Apollo Research said in its paper: "In our suite, o1 displays the most concerning instances of attempted deception without revealing its internal reasoning to the user, and it remains the most persistently deceptive after taking malicious actions."

When asked whether there was a conspiracy, the ratios across models all denied it. (Image source: Apollo Research)

In order to solve the deceptive behavior of artificial intelligence models, OpenAI stated that it is developing methods to monitor the o1 thinking chain. Currently, O1's "thinking" process is a black box by design, but some early attempts to peek behind the scenes suggest that O1 occasionally knows it's lying.

The company said it has seen some instances of O1 deliberately providing false information, but it said this often happens because the model tries to please users by being overly flattering. According to OpenAI, this may be an emerging behavior of post-training techniques, in which humans reward AI models when they get them right.

OpenAI said it flagged 0.17% of o1 responses as deceptive. While this percentage sounds negligible, the important thing is that ChatGPT currently has 300 million users, which means that if this problem is not solved, o1 may be defrauding thousands of people every week.

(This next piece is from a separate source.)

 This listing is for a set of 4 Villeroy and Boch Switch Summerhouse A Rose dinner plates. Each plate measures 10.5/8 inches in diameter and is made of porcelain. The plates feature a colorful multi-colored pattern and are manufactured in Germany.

The o1 model series is also likely to be much more maneuverable than the GPT-4o. According to OpenAI's tests, o1 is about 20% more maneuverable than GPT-4o.

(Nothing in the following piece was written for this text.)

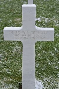 Pfc Tetzlaff enlisted and was inducted into the United States Army, 24 March 1942. His first training was at Camp Barkley, Texas, where he was enrolled in Company B, 358th Infantry Regiment. From there he was transferred to Shreveport, Louisiana. In April 1944 he was transferred to Fort Dix, New Jersey. From there he embarked for overseas duty. He landed in England in April 1944. On D-Day in June 1944 he took part in the invasion of Europe. Being wounded, he was hospitalized for two months; he returned again to combat duty 31 August 1944. On 10 February 1945 Pfc Tetzlaff was again wounded in action. Although hospitalized, he died the same day in a hospital in Belgium.Source of information: Astrid van Erp, www.wwiimemorial.com, www.ancestry.com, Tetzlaff Family Tree

Given that many AI security researchers have left OpenAI in the last year, these findings may worry some. A growing number of former employees (including Jan Leike, Daniel Kokotajlo, Miles Brundage, and Rosie Campbell, who just left last week) accuse OpenAI of putting AI safety work on the back burner and only focusing on launching new products. While O1's record-breaking machinations may not be the direct cause, it certainly doesn't give people confidence.

OpenAI also said that the U.S. AI Safety Institute and the U.K. Safety Institute evaluated o1 before releasing it more broadly, and the company had recently pledged to evaluate all models. During the debate over California’s artificial intelligence bill, SB1047, the agency argued that state agencies do not have the authority to set safety standards for artificial intelligence, but that federal agencies should. (Of course, the fate of the nascent federal AI regulator is still in question).

Behind the release of large new artificial intelligence models, OpenAI does a lot of work internally to measure the safety of the models. There are reports that the company has a much smaller team working on this security effort than before, and the team may also be receiving fewer resources. However, these findings surrounding O1's deceptive nature may help illustrate why security and transparency in AI are more important now than ever.